The Maldives Civil Court has ordered Lily Enterprises to fulfill its financial obligations by settling outstanding cheques totaling MVR 9.3 million to a third-party, with whom the company entered into a contract.

According to the court's ruling, Lily Enterprises had entered into an agreement with Asim Abdul Raheem, the third-party involved, to borrow USD 600,000 as an investment.

With an exchange rate of MVR 15.52, Lily Enterprises had issued five bank cheques amounting to the total MVR 9.3 million, to Asim. According to the contract, Asim stood to receive MVR 600,000 in profits per month.

Lily Enterprise had honored the agreement until April 2020, and continued paying Asim with the agreed monthly payout. However, starting from May 2020, Lily stopped the payments and requested to terminate the agreement.

In November 2020, Asim presented a proposal to Lily Enterprises, suggesting that the company pay a lump sum of MVR 11.6 million after deducting a significant amount from the profits. Asim stated that once Lily pays the proposed amount, their contract would come to a conclusion.

Following the proposal, Lily had paid MVR 300,000 on two separate occasions. However, when Lily failed to meet the payment terms outlined in Asim's proposal, he had demanded the company to fulfill the original agreement, and pay him the MVR 600,000 monthly payout.

Asim filed a lawsuit against Lily Enterprises after four out of the five cheques he received from the company bounced, and he received the check return notification from the bank.

While Asim maintained that the transaction with Lily Enterprises was an investment, the company argued that it was a simple currency exchange transaction. Lily Enterprises claimed that they had not provided any investment opportunities to a third-party. According to the company, the cheques were issued to Asim as a guarantee for their exchange transactions, and it is common practice for the cheques to be collected once the seller receives payment in cash. Lily Enterprises said that the cheques in Asim's possession were guarantees for the transactions that had not been collected back.

The court determined that while there was a dispute regarding the nature of the transaction, the existence of a transaction between Lily Enterprises and Asim was not contested. Additionally, the court noted that Lily Enterprises' payment vouchers did not provide evidence that Asim was compensated for the guarantee cheques issued to him.

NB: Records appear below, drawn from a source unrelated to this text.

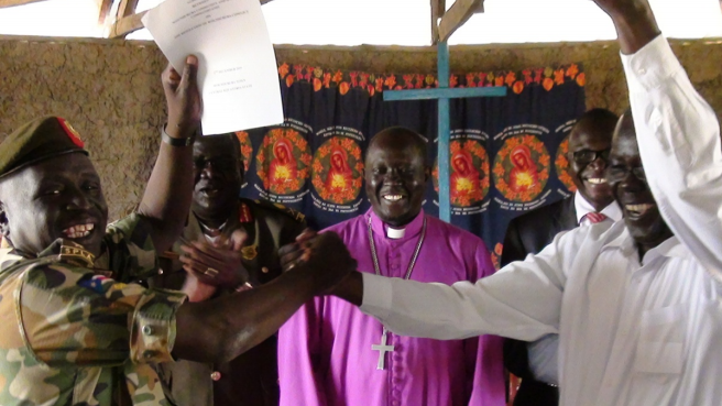 Bishop Paul Yogusuk urges leaders and citizens to unite as a nation. Photo from 8 December 2015, on the celebration of the Wonduruba agreement between local communities and an SPLA unit in the area. Photo: Radio Tamazuj
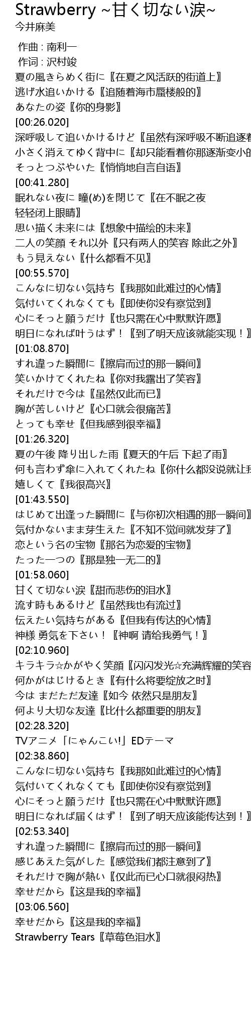 | [03:09.220] | Strawberry Tears cǎo méi sè lèi shuǐ |
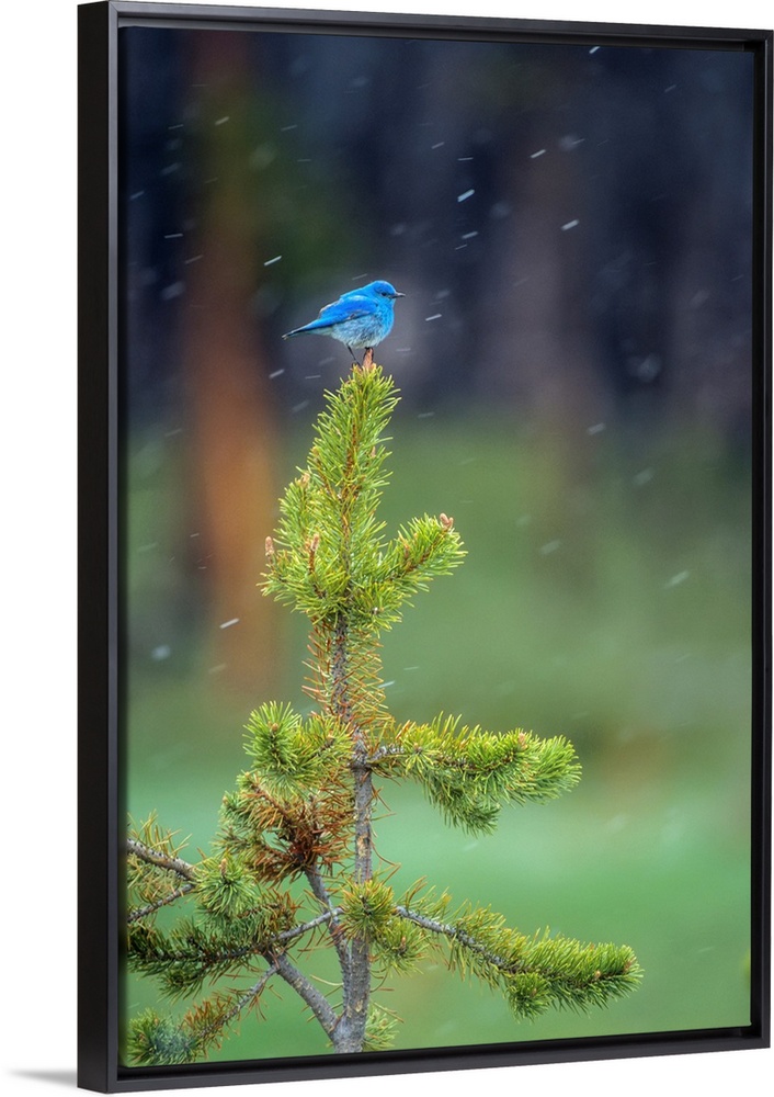 <p>A male Mountain bluebird (Sialia currucoides) perched on the top of a small lodgepole pine (Pinus contorta), watching for insects, Yellowstone National Park, Wyoming, United States of America. Mountain bluebirds are one of Yellowstone's first returning migrant birds. They start to appear in March. Their bright blue plumage stands out in sharp contrast to the snow and dull brown vegetation that prevails in early spring. This male perched on the top of a small lodgepole pine, watching for insects in the early grasses. It was snowing lightly and the cold damp breeze caused both of us to fluff up and try to stay warm.</p>
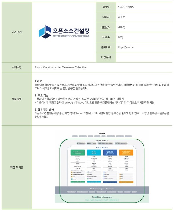 오픈소스컨설팅은 AI 시대를 맞아 오픈소스 기반의 AI 인프라와 협업 플랫폼을 통해 고객사의 AI 전환(AX)을 지원하는 것을 핵심 사업으로 추진한다. 이와 관련해 회사는 클라우드 인프라와 워크 매니지먼트 영역에서 기술력을 바탕으로 고객 맞춤형 솔루션을 제공하고 있다.

Based on the evidence presented by both parties, the Civil Court issued an order requiring Lily Enterprises to settle the outstanding amount of the unpaid cheques with Asim before June 15.

While the court has ordered Lily Enterprises to pay an outstanding payment for a USD 600,000 agreement, another party has filed a lawsuit against the company seeking compensation for a USD 650,000 currency exchange deal.